[Data excerpt — start]

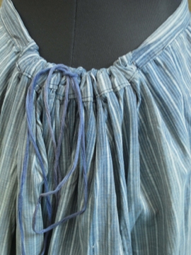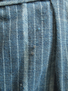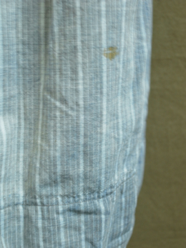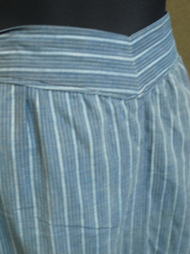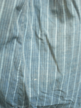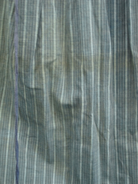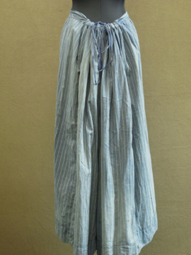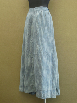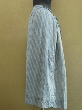 1900年代頃につくられたインディゴ染めストライプのロングスカート。比較的薄手のコットン素材です。褪せて落ち着いた色目が綺麗です。ウエストのバックに入った紐で絞って着用するためフリーサイズです。絞った際にギャザーがよって後ろ下がりになるシルエットが綺麗です。1cmの穴が3箇所、大小のシミや黄ばみがあります。多少の傷みはありますがとても良い雰囲気を持った品です。
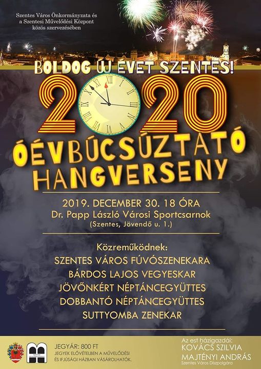 2019. december 30-án a Dr. Papp László Városi Sportcsarnokban rendezik meg a város óévbúcsúztató hangversenyét, melyen közreműködik Szentes Város Fúvószenekara, a Bárdos Lajos Vegyeskar, a Jövőnkért Néptáncegyüttes, a Dobbantó Néptáncegyüttes és a Suttyomba Zenekar. Az est házigazdái: Kovács Szilvia és Majtényi András
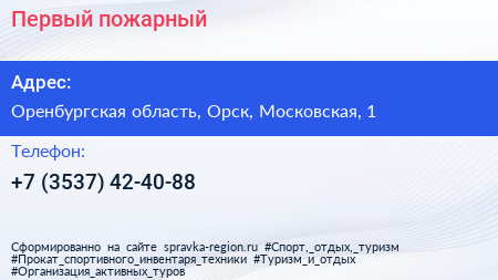 Первый пожарный по адресу Оренбургская область, Орск, Московская, 1 в дальнейшем Организация, размещена в следующих категориях:

[Data excerpt — finish]

### What this task involves
What you produce must match the listing word for word, with no images in it.

### Exercise solution
 1900年代頃につくられたインディゴ染めストライプのロングスカート。比較的薄手のコットン素材です。褪せて落ち着いた色目が綺麗です。ウエストのバックに入った紐で絞って着用するためフリーサイズです。絞った際にギャザーがよって後ろ下がりになるシルエットが綺麗です。1cmの穴が3箇所、大小のシミや黄ばみがあります。多少の傷みはありますがとても良い雰囲気を持った品です。
 2019. december 30-án a Dr. Papp László Városi Sportcsarnokban rendezik meg a város óévbúcsúztató hangversenyét, melyen közreműködik Szentes Város Fúvószenekara, a Bárdos Lajos Vegyeskar, a Jövőnkért Néptáncegyüttes, a Dobbantó Néptáncegyüttes és a Suttyomba Zenekar. Az est házigazdái: Kovács Szilvia és Majtényi András
 Первый пожарный по адресу Оренбургская область, Орск, Московская, 1 в дальнейшем Организация, размещена в следующих категориях:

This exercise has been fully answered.